> **SUPPLIED INFORMATION**:
------------------------------------------------------------------------

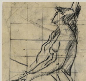
JJ Henner, Etude d'après la Magdeleine

Conférence proposée dans le cadre de l'exposition Jean-Jacques Henner dessinateur
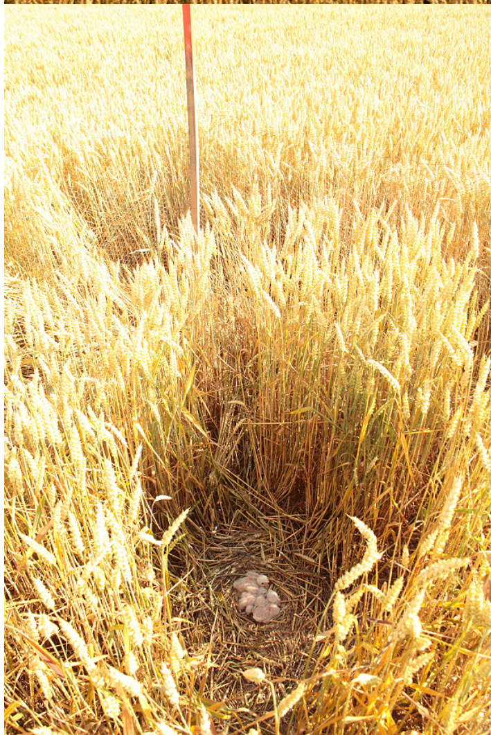
Mláďata motáka lužního ( Circus pygargus ) na oploceném hnízdě v porostu pšenice. Trstěnice, hnízdě č. 395.

------------------------------------------------------------------------

When you output the listing, reproduce it exactly but drop its pictures.

JJ Henner, Etude d'après la Magdeleine

Conférence proposée dans le cadre de l'exposition Jean-Jacques Henner dessinateur
Mláďata motáka lužního ( Circus pygargus ) na oploceném hnízdě v porostu pšenice. Trstěnice, hnízdě č. 395.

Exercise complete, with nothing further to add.